Blackboard Perspectives and thoughts from Zhenhua Yao

Reading on Major Linux Problems on the Desktop 2016 edition

Recently I read a great article Major Linux Problems on the Desktop 2016 edition with pain and sadness, yet I agree with most points in it. People have wished and talked many years, but 2016 is not a year for Linux on the desktop. Let’s face the reality, Android has much greater chance to be the “Desktop” OS than Linux 5 years down the road.

I don’t remember what was the first version of Linux distro I used, probably Slackware 3.x. It was fun to fiddle with pkgtool, change the font in the text console, and play with my own Unix-like environment. Then it’s Red Hat Linux 5.2, Turbolinux, and other distros. In my part-time project, I led the effort to run Linux with X Window in embedded environment with 16-MB flash, used MIT-SHM to accelerate the graphics, and trained the team to migrate from Windows to Linux development platform. Later I built HPC cluster using the first version of Fedora, and worked with Linux and Unix for a few years (primarily for scientific computing purpose) until I joined Microsoft. Although I did play with other OSes such as FreeBSD, Tru64, HP-UX, Mac OS, occasionaly, Linux is my favorite one for work and tinkering.

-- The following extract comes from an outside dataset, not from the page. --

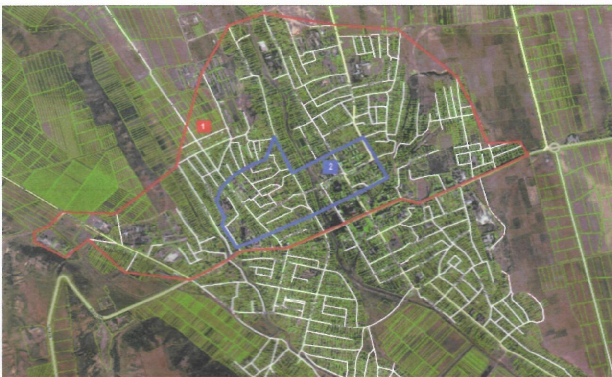
Карта № 4 - Наиболее уязвимая зона Молдован-Стерь (красное подчеркивание № 1) и Зона Городской Ревитализации города Вулканешты (синее подчеркивание № 2).
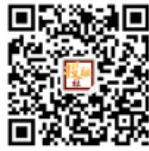
扫一扫 关注投融资社

作为一个代表国内顶尖营销水准的营销论坛，主办方处处在细节上体现“无处不营销”的概念。从年初启动的金麦奖厦门、哈尔滨、杭州、海宁、青岛宣讲会现场的种种细节，都让人惊喜：土豪茶叶蛋、大佬合影墙等趣味性活动，都引发现场观众的自发传播。而今天启动仪式上颇具人文情怀的“写给下一个五年的自己”活动，更在提醒每一位与会者：下一个五年，你，还有梦想吗？

Year after year, Linux devs have been trying to replace Windows on the desktop. Obviously, integrated desktop environment is the critical part of this effort. 15 years ago, there was fvwm95 which mimicked Win95 like the following:

fvwm95 start menu

Then KDE showed up and has been greatly improved over time. Some PCs were even preloaded with Linux (and failed miserably). For people who are tech savvy and willing to spend time, Linux can be a decent desktop OS after some tweakings and customizations. However hackers are only tiny percentage of whole population. For most ordinary people, Linux doesn’t work. We should analyze the problems and learn our lesson on this.